All-ages nightclub Kuppajoe hosts its final show

To understand exactly where Kuppajoe stands in Fresno’s music scene, you can start with the numbers.

For 18 years, the all-ages nightclub on Shields Avenue has hosted live music every Friday night (and some Saturdays, too), says Jesse Kennedy, the venue’s program director. He estimates Kuppajoe has done close to 1,000 shows, not counting the venue’s final celebration, 7:30 p.m. Friday, Feb. 20, with Lakes (from San Luis Obispo), The Soma Holidays (a reunion set), The Sleepover Disaster, Brother Luke and the Comrades and Swimming In Paint.

“We decided to plan a final celebration,” Kennedy says.

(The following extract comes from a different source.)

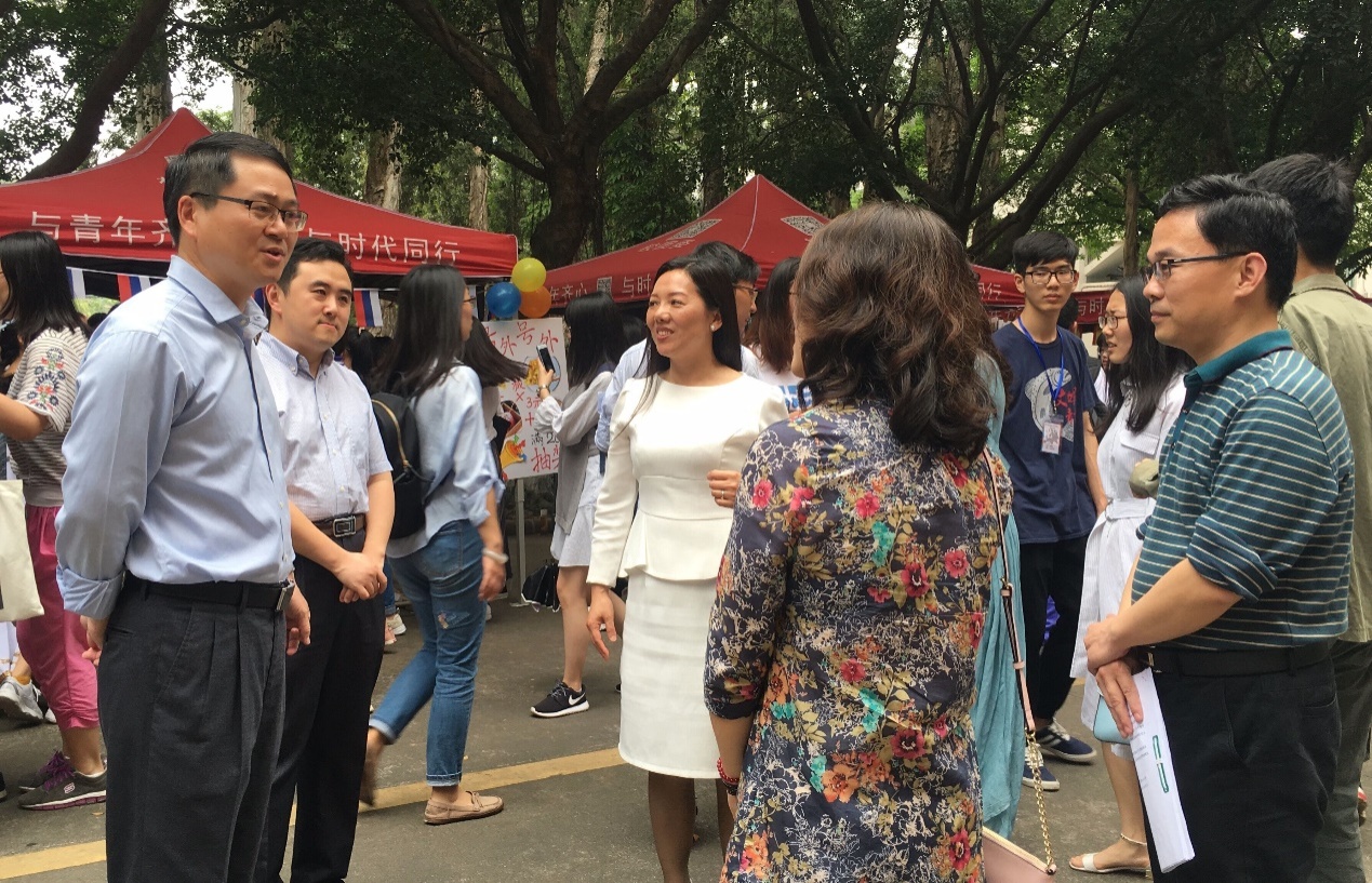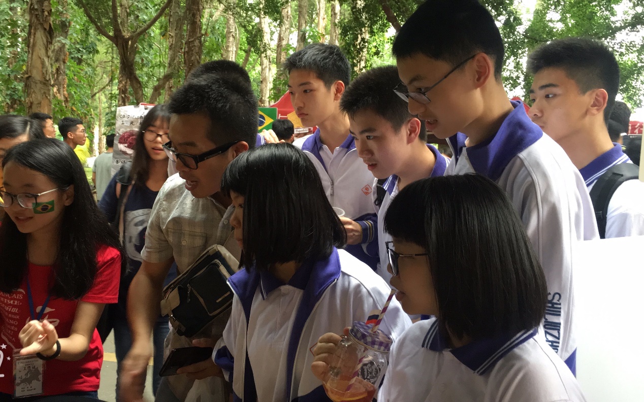 本网讯 4月12日下午,我校优质生源基地广州市第十六中学50多名师生应招生办邀请前来我校参加欧罗巴文化节,尽情体验西方文化,品尝各国美食,感受异域风情,并与出席文化节的外国友人交流在学习生活和文化节体验方面的感受。本次活动不仅拓宽了高中学生的视野,使其能够更直观地感受大学生活,而且还进一步加强了我校与“优质生源基地”学校的合作和交流,密切了双方的关系。

Kuppajoe invited some of the bands and artists that have been working with the venue since it opened.

“I went to my first show there, back in ’97 or ’98,” says Luke Freeman, who sings and plays guitar as Brother Luke.

“I also played my first real show there,” he says.

He also played with several different bands, including A Pageants End. He remembers opening for Winter Wardrobe on its CD release show. The place was packed and after the show everyone went to In-n-Out Burger.

It’s his favorite memory of the club.

“It sounds cheesy, but it was a simpler time,” he says. “I am not sure what it means that the club is closing but Kuppajoe will always hold a special place in my heart.”

And he is not alone. Following the venues’ announcement last month, fans, bands and friends immediately took to social media, sharing their favorite Kuppajoe memories.

It should be a sentimental final show, Kennedy says: “Kuppajoe has changed many lives by giving many a place to explore/enjoy/express music in a safe place.”

That was a biggie with parents, who would often drop their kids off. They knew they “could be back to pick their kids up at 11 p.m. with their kids all in one piece,” he says.

The venue operated under the nonprofit Goorabian Family Life Center, which did ministry-based outreach in the community.

There were stretches during its 18 years when Kuppajoe was the only all-ages venue in town. Kennedy hopes the legacy of the venue will inspire others to start up similar all-ages venues, and to run them in the same caring, intentional and genuine way. It’s what Kuppajoe always strived for.

But the closure doesn’t leave underage music fans completely out of luck. The Chinatown Youth Center and C.A.F.E. Infoshop both host all-ages DIY shows in downtown Fresno. Strummer’s nightclub in the Tower opens the majority of its show to all ages.

Kennedy urges fans to support those venues: “They are a dying breed.”